Save the calculated metrics, the detailed backtest results DataFrame, and any generated plots to the run-specific output directory.

In [None]:
if pipeline_instance and pipeline_instance.backtest_results_df is not None and pipeline_instance.backtest_metrics:
    try:
        print('\n=== Running Step 8: Save Results ===')
        pipeline_instance.save_results()
        print('save_results() finished.')
        print(f'Results should be saved in: {pipeline_instance.dirs["results"]}')

    except Exception as e:
        print(f'An error occurred during Save Results step: {e}')
        logging.error('Save Results step failed.', exc_info=True)
else:
    print('Pipeline not instantiated or backtest results/metrics missing.
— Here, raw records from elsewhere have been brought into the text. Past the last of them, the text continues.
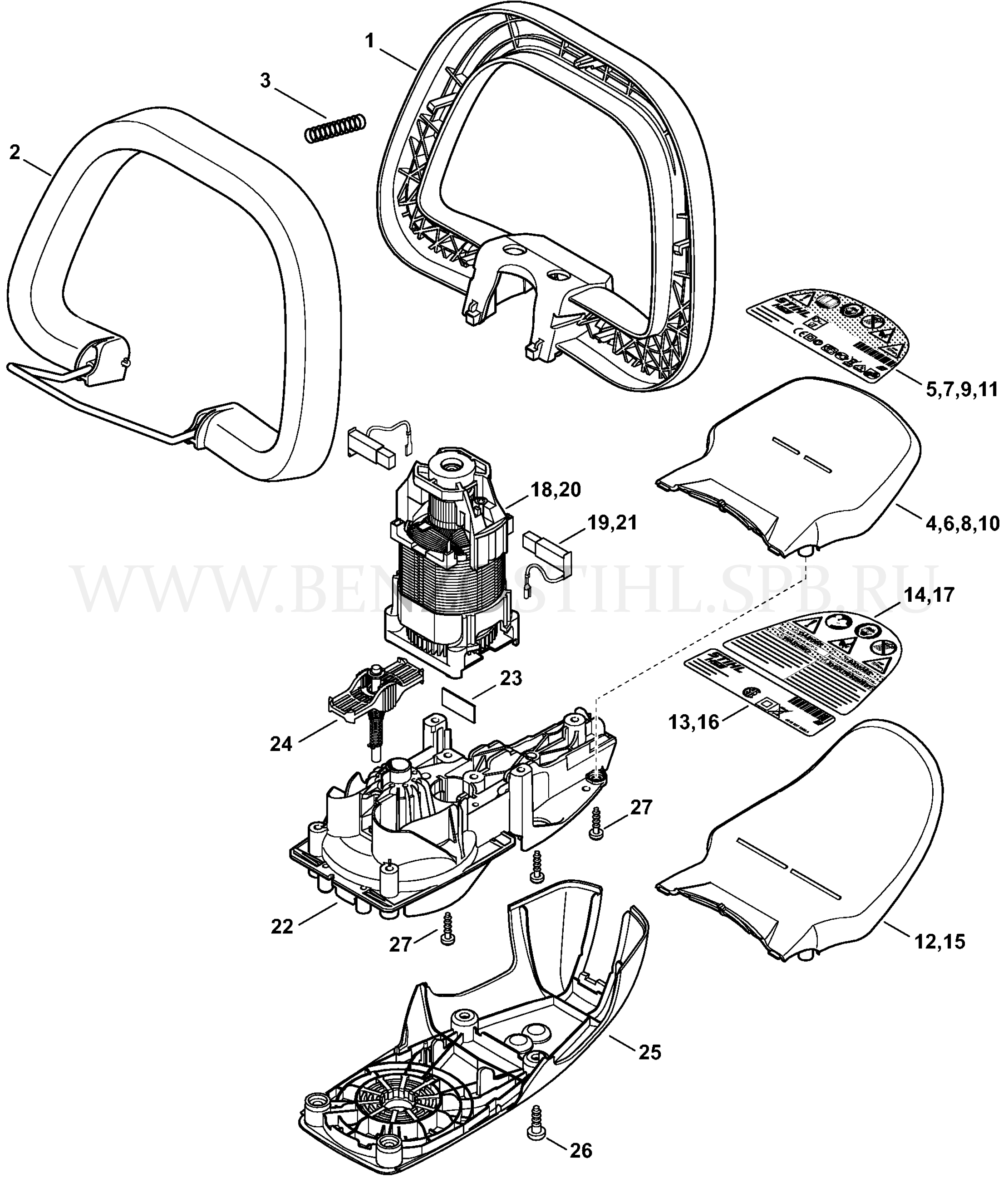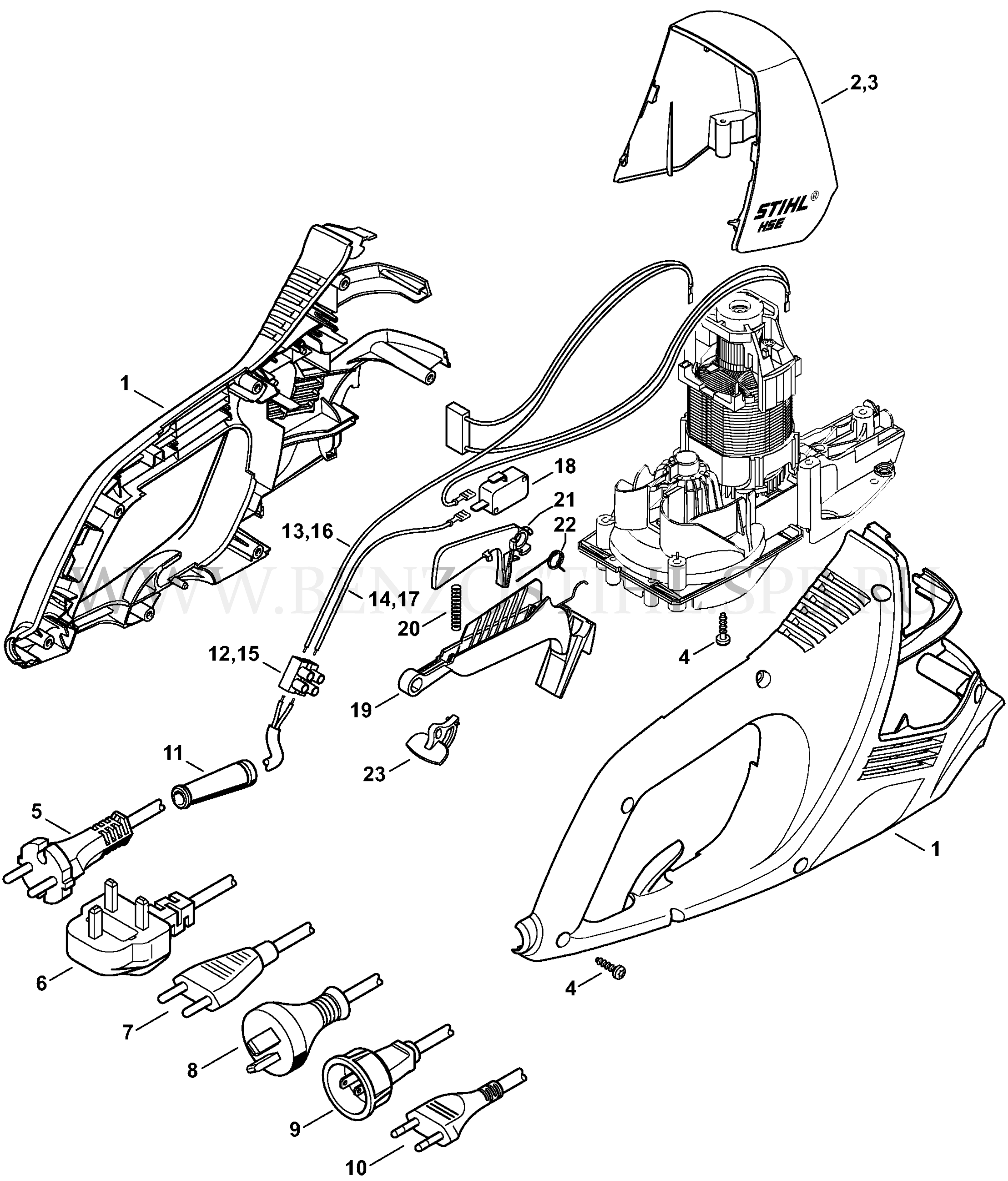 HSE 42 Рукоятка с хомутиком, Электродвигатель, Корпус передачи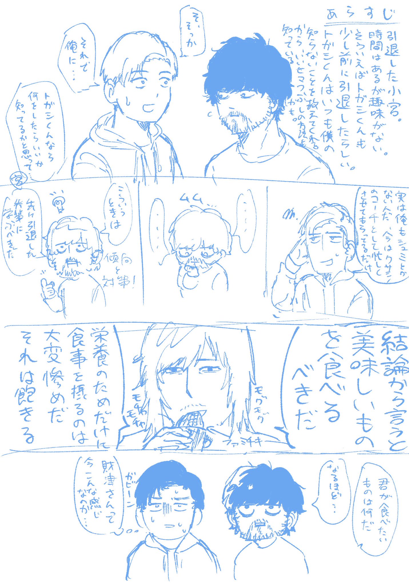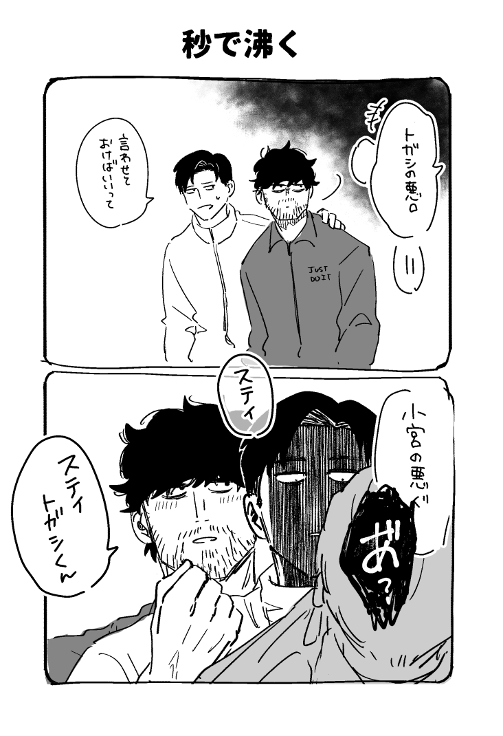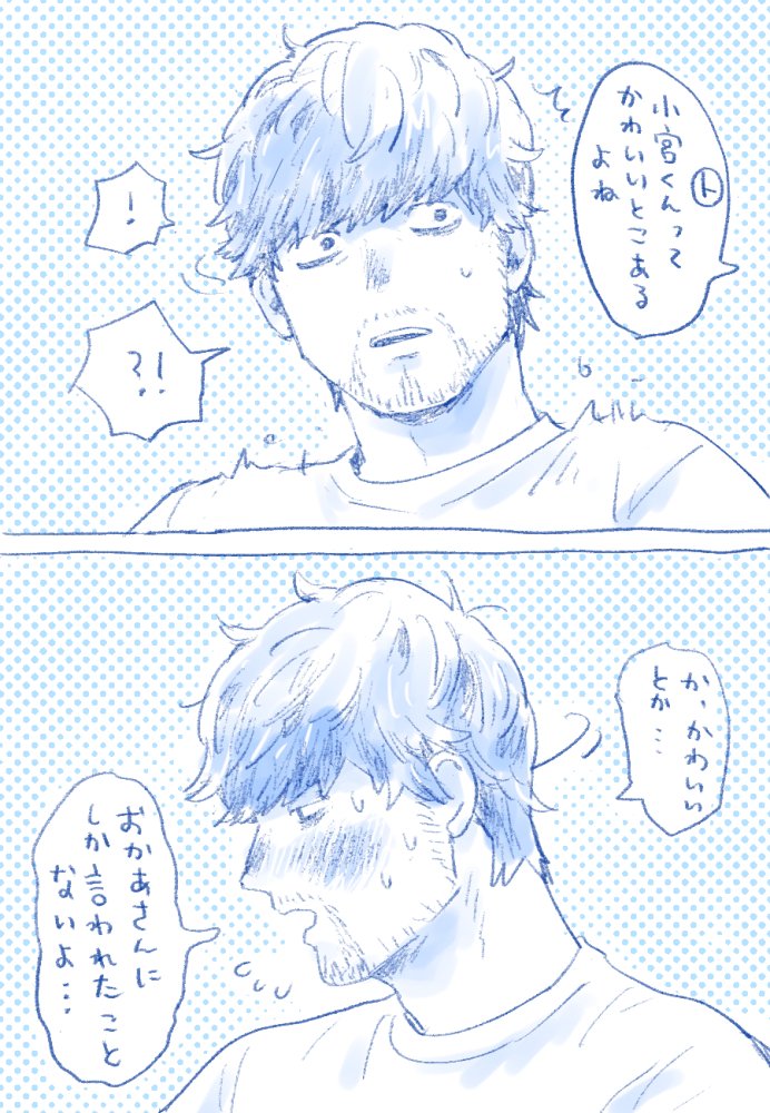小宮くんの髭が恋しいトガシくんめっちゃかわええ。髭なし=高校生の脳内変換も何となくわかる。髭がある方が安心感あるよな、、、「早く髭生やしなよ」と無茶振りをするトガシマジで好き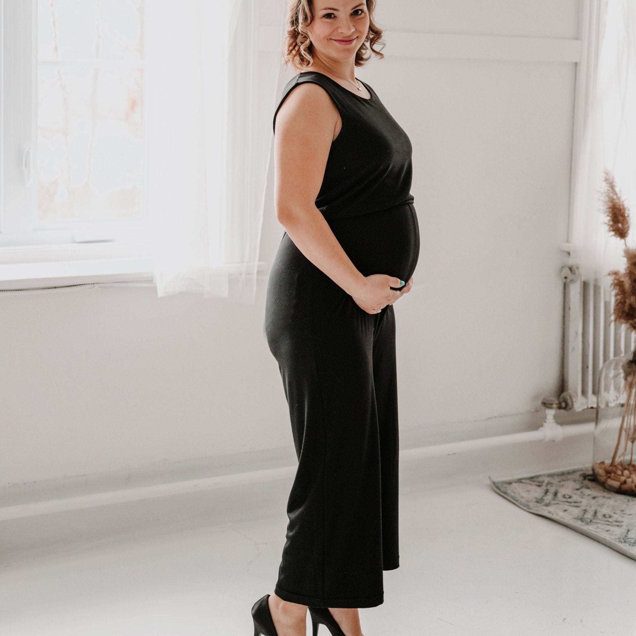 Jumpsuit Mary à jambe évasée noir en bambou pour femme avec poches latérales et élastique à la taille. Idéal pour la maternité.
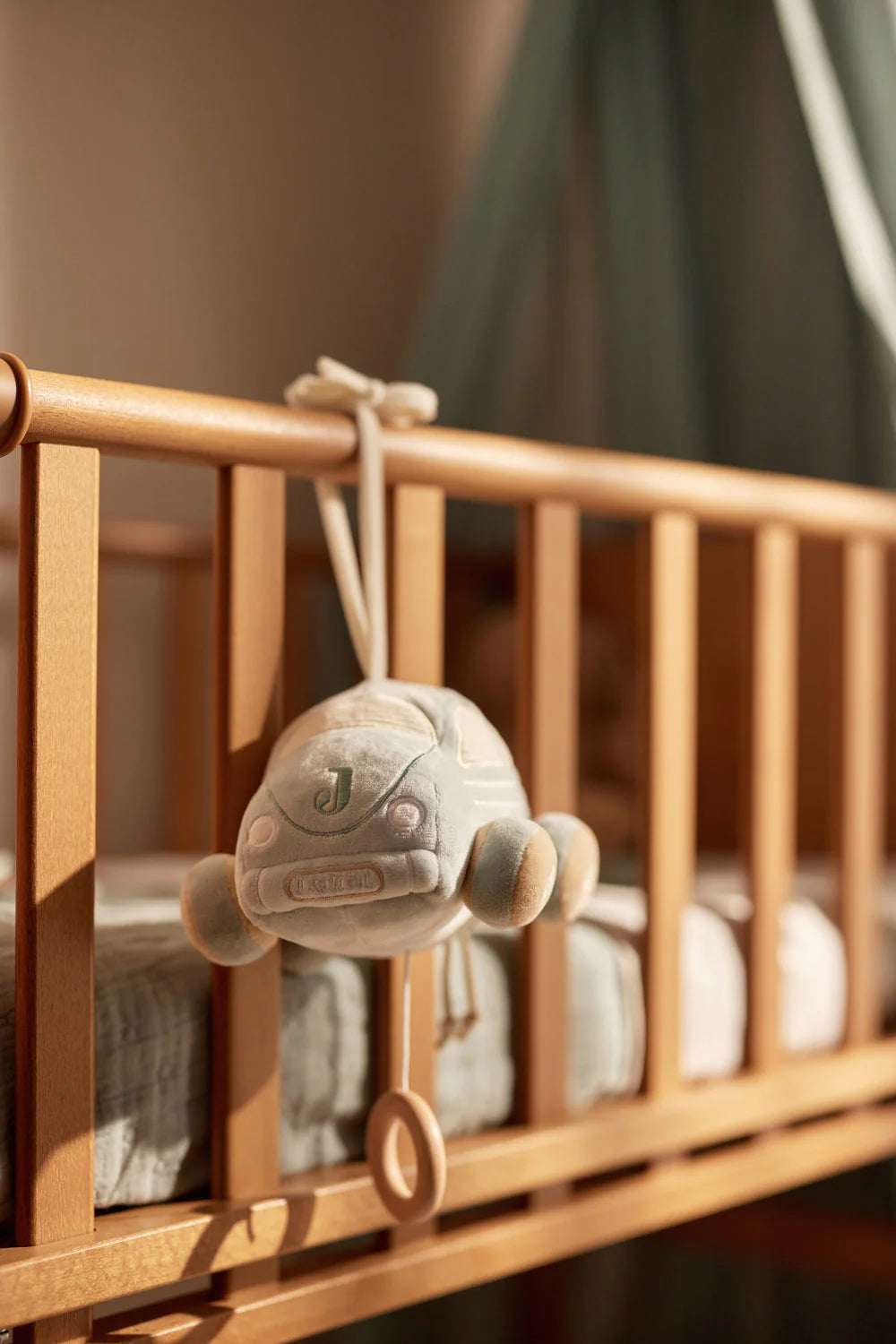 Deja que tu pequeño se quede dormido con nuestro adorable cochecito musical On the Go. Este suave cochecito verde mar cuenta con varias ruedas color galleta y ventanas de pana. Tira de la cuerda para escuchar a tu pequeño cantar la relajante canción de cuna. Este cochecito musical es el compañero perfecto para arrullar a tu bebé con un toque de suavidad y los encantadores sonidos de esta dulce melodía.

Cannot run step.')


## 12. Display Saved Plots

Load and display the plots generated and saved during the pipeline execution (especially during calibration and backtesting/saving).

In [None]:
# This code assumes plots were generated and saved by previous steps (like calibrate or save_results)
if pipeline_instance is not None and pipeline_instance.dirs.get('results'):
    results_dir = pipeline_instance.dirs['results']
    run_id = pipeline_instance.run_id
    print(f'\nLooking for plots in: {results_dir}\n')

    plot_files = [
        f'backtest_summary_{run_id}.png',
        f'confusion_matrix_{run_id}.png',
        f'reliability_curve_val_{run_id}.png', # Generated by calibration
        f'calibration_curve_test_{run_id}.png' # Potentially generated by backtester/save_results
        # Add any other plot filenames generated by your pipeline
    ]

    plot_found = False
    for plot_file in plot_files:
        plot_path = os.path.join(results_dir, plot_file)
        if os.path.exists(plot_path):
            plot_found = True
            print(f'--- Displaying: {plot_file} ---')
            try:
                img = mpimg.imread(plot_path)
                # Determine appropriate figure size based on plot type
                figsize = (15, 12) if 'summary' in plot_file else (8, 7)
                plt.figure(figsize=figsize)
                plt.imshow(img)
                plt.axis('off') # Hide axes for image display
                plt.title(plot_file)
                plt.show()
            except Exception as e:
                 print(f'  Error loading/displaying plot {plot_file}: {e}')
        else:
            print(f'Plot not found: {plot_path}')

    if not plot_found:
         print("No standard plots found in the results directory.")

else:
    print('\nPipeline object not found or results directory is not available. Cannot display plots.')


## 13. Conclusion

This notebook demonstrated the step-by-step workflow of using the `TradingPipeline`. By running each step individually, we could inspect the intermediate outputs. You can modify the `config.yaml` file to experiment with different parameters, data ranges, and control flags, then re-run the relevant steps of this notebook. The final results (metrics, plots, detailed CSV) are saved in the run-specific directory under the main project's `results/` folder.